И Ойва, глянув на отца сверху вниз, вдруг увидел, что тот стар.
– Я не сделал ничего, за что люди меня осудили бы.
– Люди? А при чем тут люди? – Вешко стряхнул с ладоней стылую дождевую воду. – Или ты и сам думаешь, что по правде поступил?
– Она ушла.
– Прогнали, вот и ушла. – Он сел на мокрый колун. – Ты прогнал. Она ушла. Вот правда. Сменял жену на жену. А что будет, когда и эта надоест?
– Не твое дело!
В груди кольнуло. И капли на губах показались горькими. Сорвался Ойва с места, побежал прочь. Громко хлюпала под ногами грязь. Смеялась хриплая ворона. И лишь на берегу было тихо. До того тихо, что слышал Ойва, как колотится сердце.
Он правильно все сделал!
Суома – ведьма. Калмино воплощенье, которому суждено было быть запертым на острове. И значит, Ойва свободен от данного слова… сама ушла… сама…

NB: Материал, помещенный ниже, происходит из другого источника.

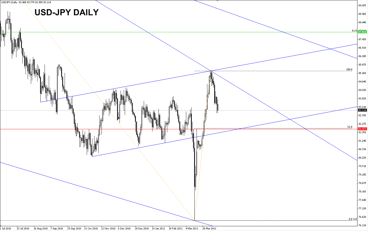 Pour ma part en graphiques hebdomadaires, je repère en effet une zone de résistance importante, à la fois à long terme avec la résistance horizontale des 91.548 et oblique à moyen terme avec la résistance oblique qui marque le haut du canal observé depuis mai 2010: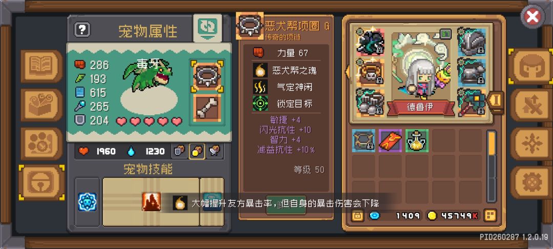 我个人推荐恶犬帮就行带一个范围扩散+60%暴击几率当个挂机足够了。近战宠物(大熊猫,狗子)带大当家去挨打。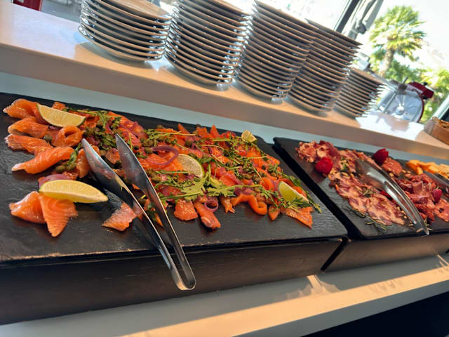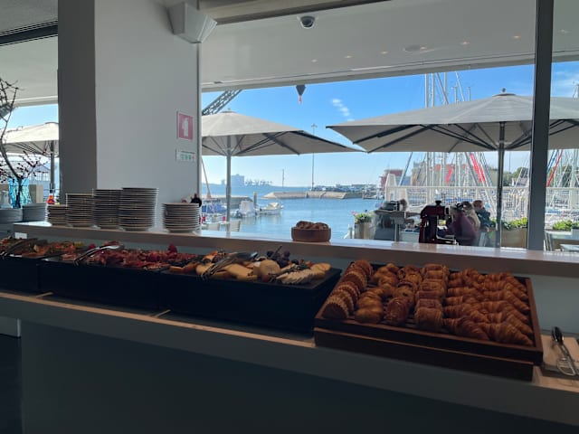9.5/10A good quality buffet for Sunday brunch, and with a good choice. House wine, a juice and soft drinks included. Nice light restaurant with view over the marina and river. Euro 39 per person.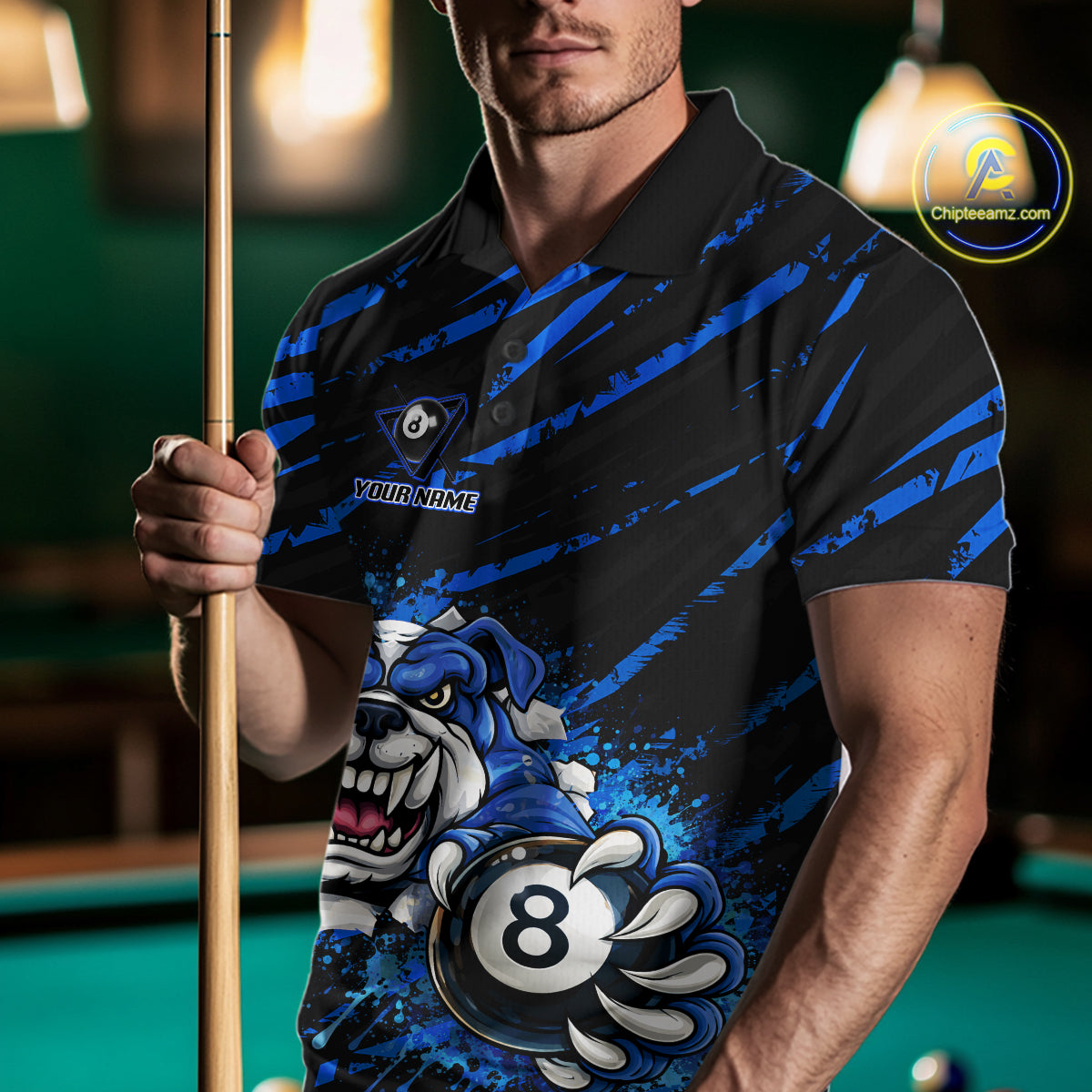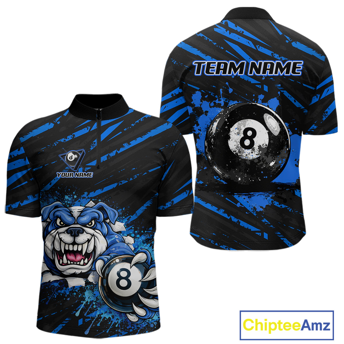 Blue Splatter Ball 8 Billiard Jerseys For Men Custom Funny Bulldog Billiard Team Jersey NYN2319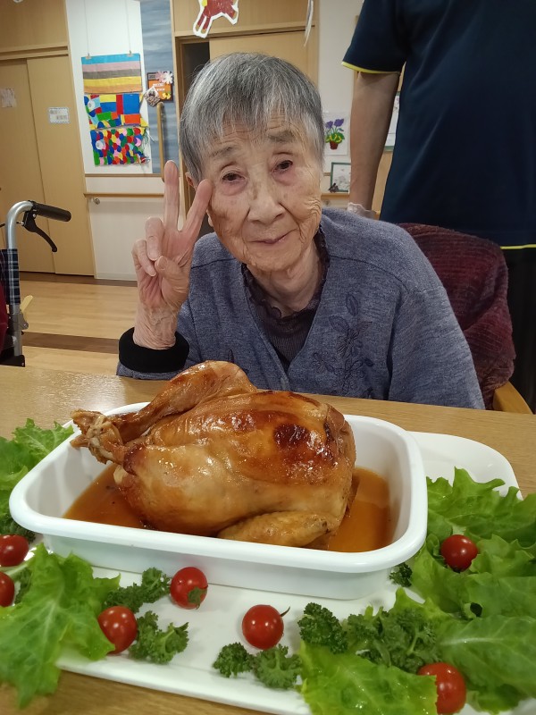 豪華なローストチキンとケーキ!

– Иди в дом. – Лахья появилась из дождя, обняла за плечи и сказала ласково: – Иди. Матушка волнуется… С отцом поругались? Не слушай его. Что он понимает? Сам чужак. И за чужачку заступается. Людям-то виднее.
Наверное.
Да. Конечно, людям виднее.
– Не ходи больше на берег, – попросила Лахья ночью. Она прижималась горячим бесстыжим телом, опутывая и руками, и ногами. – Забудь о ней.
Ойва попробует.
Но не прошло и трех дней, как Лахья вновь нашла его на берегу. Он сидел на старой коряге, обнявши колени, и просто смотрел в черную зыбкую воду. Волосы его, одежда промокли, кожа сделалась бледной, и в первый миг Лахья испугалась, что муж ее умер.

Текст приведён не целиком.